- Directed by: Steven Cantor Matthew Galkin
- Produced by: Steven Cantor Daniel Laikind
- Cinematography: Paul Dokuchitz Jonathan Furmanski
- Edited by: Trevor Ristow
- Music by: Marcus Blake Daniel Lanois Steve Nistor Jim Wilson
- Production company: Cactus Three Stick Figure Productions
- Distributed by: Digital Media Rights
- Release date: February 3, 2007;
- Country: United States

= Loudquietloud =

Film page

loudquietloud, stylized as loudQUIETloud, is a 2006 documentary film about the American alternative rock band Pixies directed by Steven Cantor and Matthew Galkin. The film profiles the band during their 2004 reunion.

== Reception ==
In a review, The Guardian wrote that loudQUiETloud "...is a warts-and-all elegy, a fascinating portrait of a gang who hooked up in their youth, achieved a measure of greatness without quite realising what they'd done and then were washed back together again; older and wiser but still with enough piss and vinegar in their systems to still feel aggrieved at the way they somehow let it slide. It goes to prove that the best rock documentaries are not fist-pumping celebrations of triumph but dark sagas of bitter rivalries and missed opportunities."

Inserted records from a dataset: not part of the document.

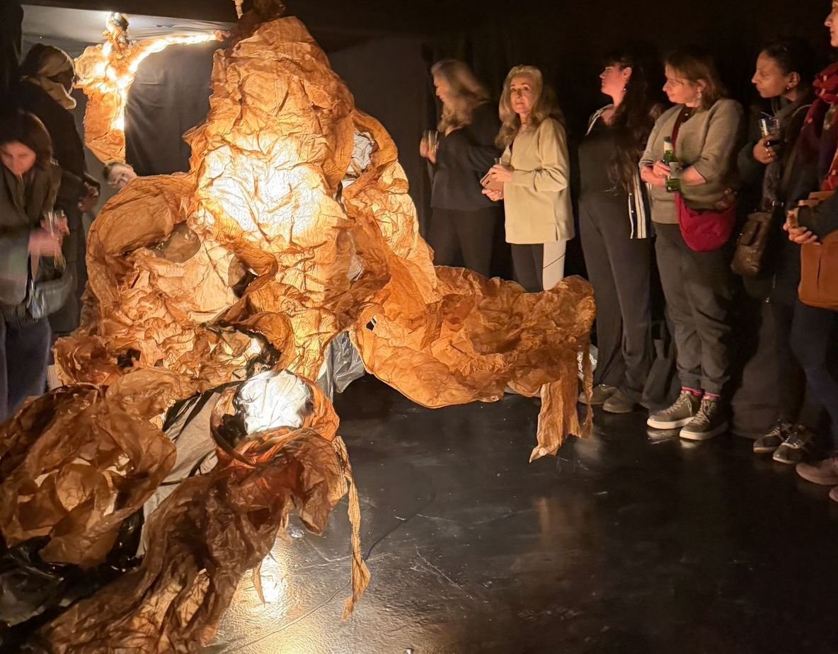 ‘Myth Eaters, The Dark Pasture’, Kate Howe 2026. Aluminium armature wire, industrial waxed kraft paper, lighting. Variable Dimensions. Collection: Installation, Myth Eaters. Installation View.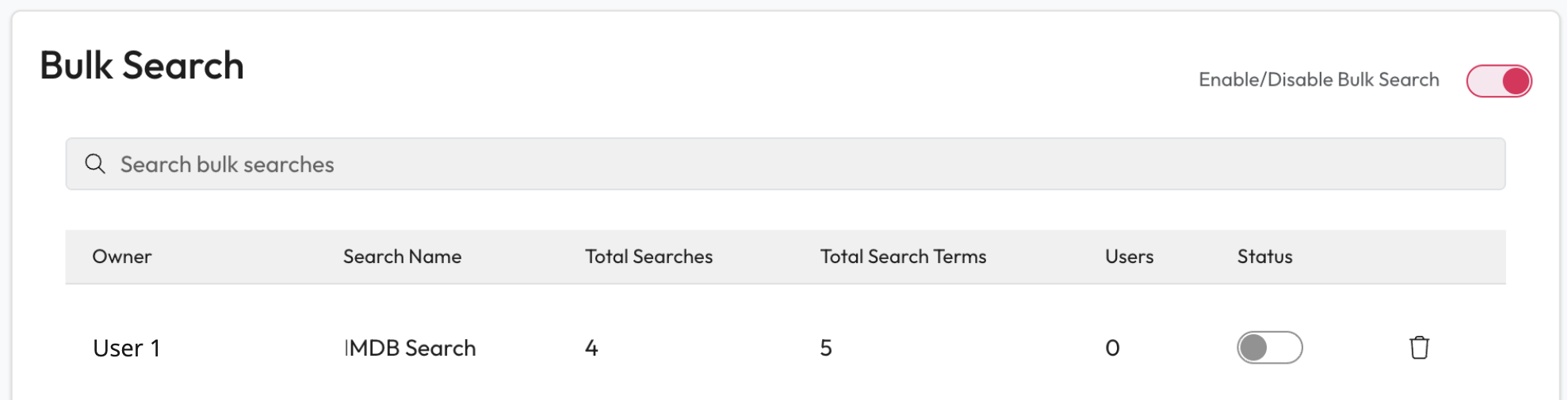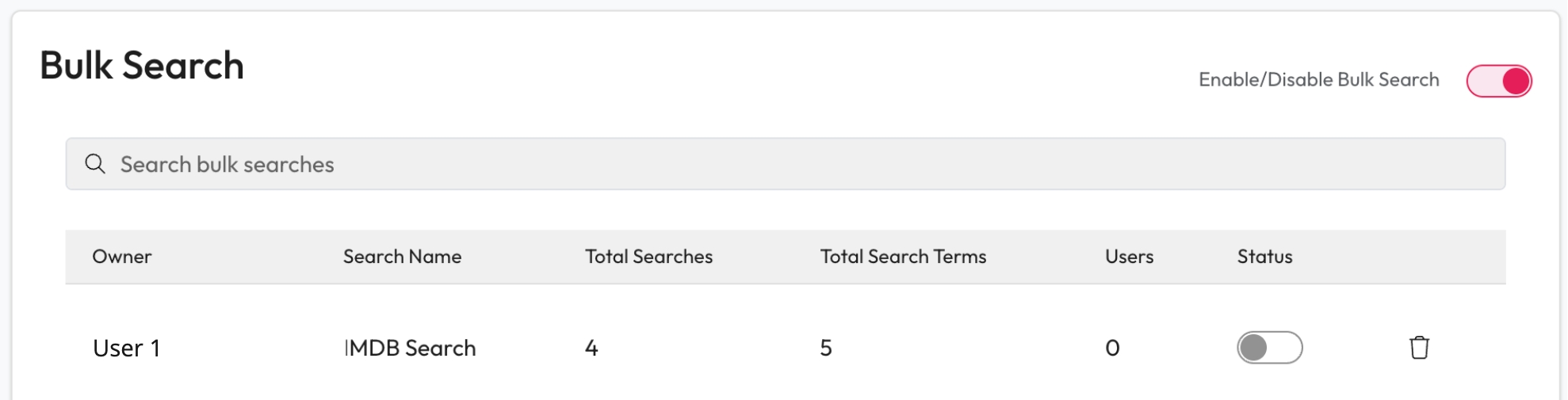All bulk searches can be turned on and off or deleted by and admin from this table. By default all searches will be enabled.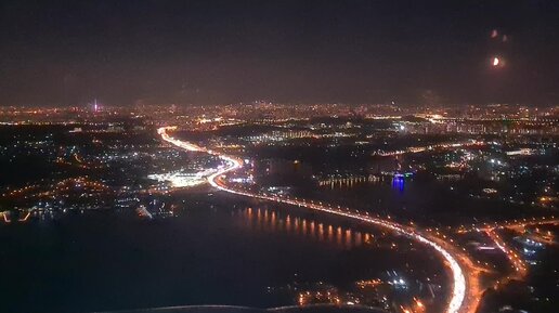 Ночная Москва из иллюминатора самолета. Посадка в Шереметьево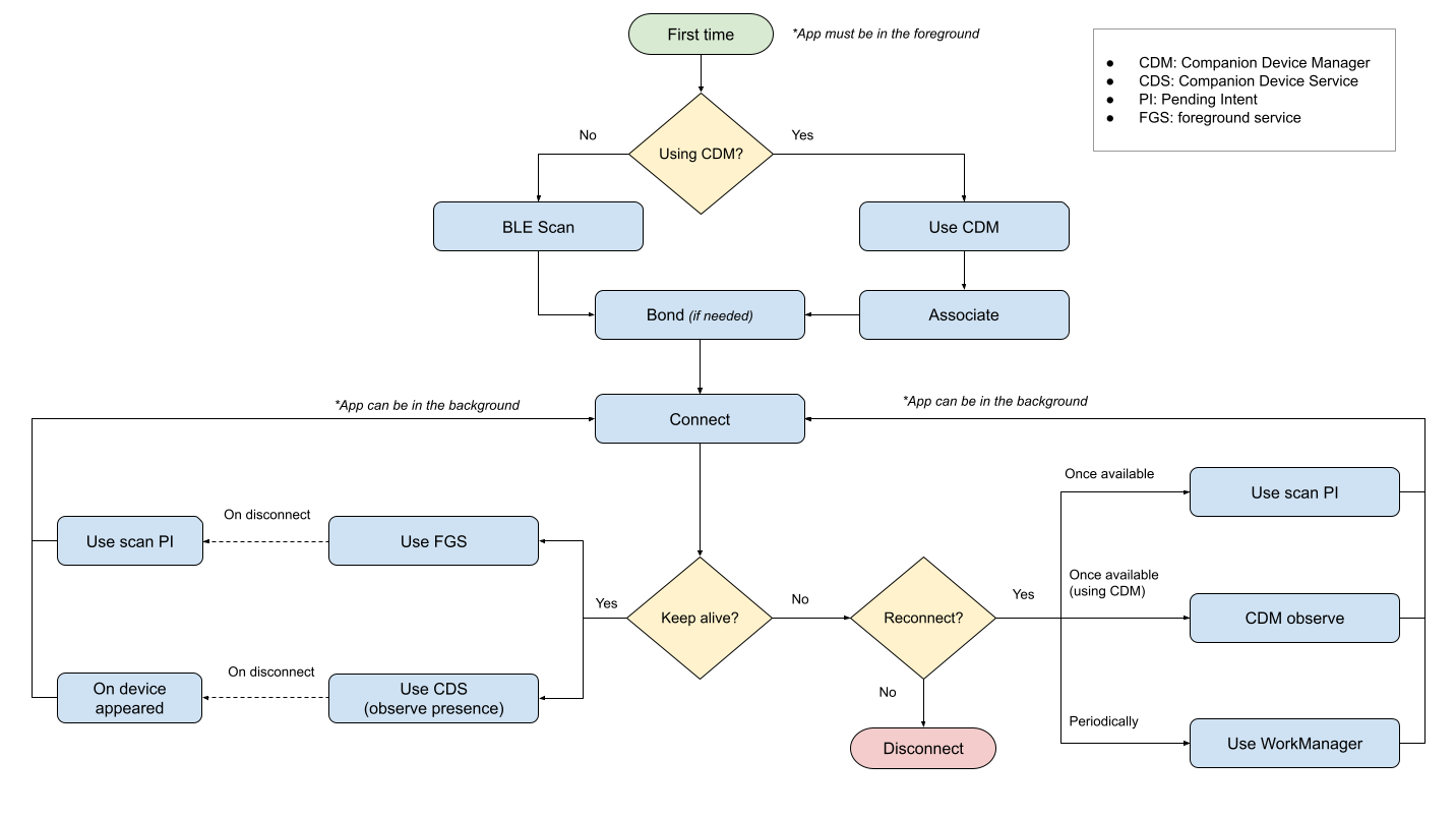 การเชื่อมต่อกับอุปกรณ์ขณะที่แอปทำงานอยู่เบื้องหลังนั้นไม่มีข้อจำกัด แม้ว่าการเชื่อมต่อจะปิดลงหากกระบวนการถูกยกเลิกก็ตาม นอกจากนี้ ยังมีข้อจํากัดในการเริ่มกิจกรรม (ใน Android 10 ขึ้นไป) หรือบริการที่ทำงานอยู่เบื้องหน้า (ใน Android 12 ขึ้นไป) จากเบื้องหลัง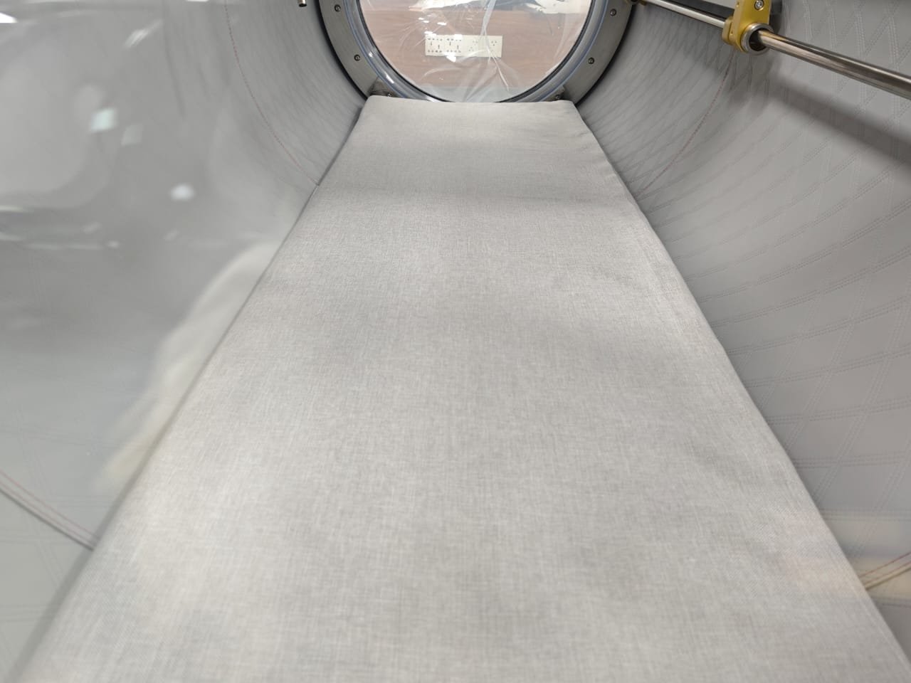 Build quality extends to every structural joint. New advanced welding and splicing techniques tightly join stainless steel and polycarbonate; moreover, external aluminium reinforcement rings increase integrity under continuous use. Laser-etched valve markings resist wear, stainless-steel and nylon wheels aid repositioning, and the pressure switch supports preset customisation (e.g., 1.3/1.5/1.8/2.0 ATA) for different protocols. Additionally, red and near-infrared therapy lights can be added, while colour options include white, black, silver, grey, and dark blue, with others available on request.

In a Rolling Stone article, Colin Greenwood, bassist of the band Radiohead, applauded the documentary: “I’ll tell you if anyone wants to understand what it’s like to be in a band, is this Pixie’s documentary that Jonny brought in that we watched. That’s what it’s like, a group of people working in a close proximity for fifteen years together and going through a lot of emotion and stuff and essentially being people and coming out from the experience not to get too damaged from it and I thought that was very very very good. Really tender and accurate and I know some universal truths about it and not just about the Pixies.”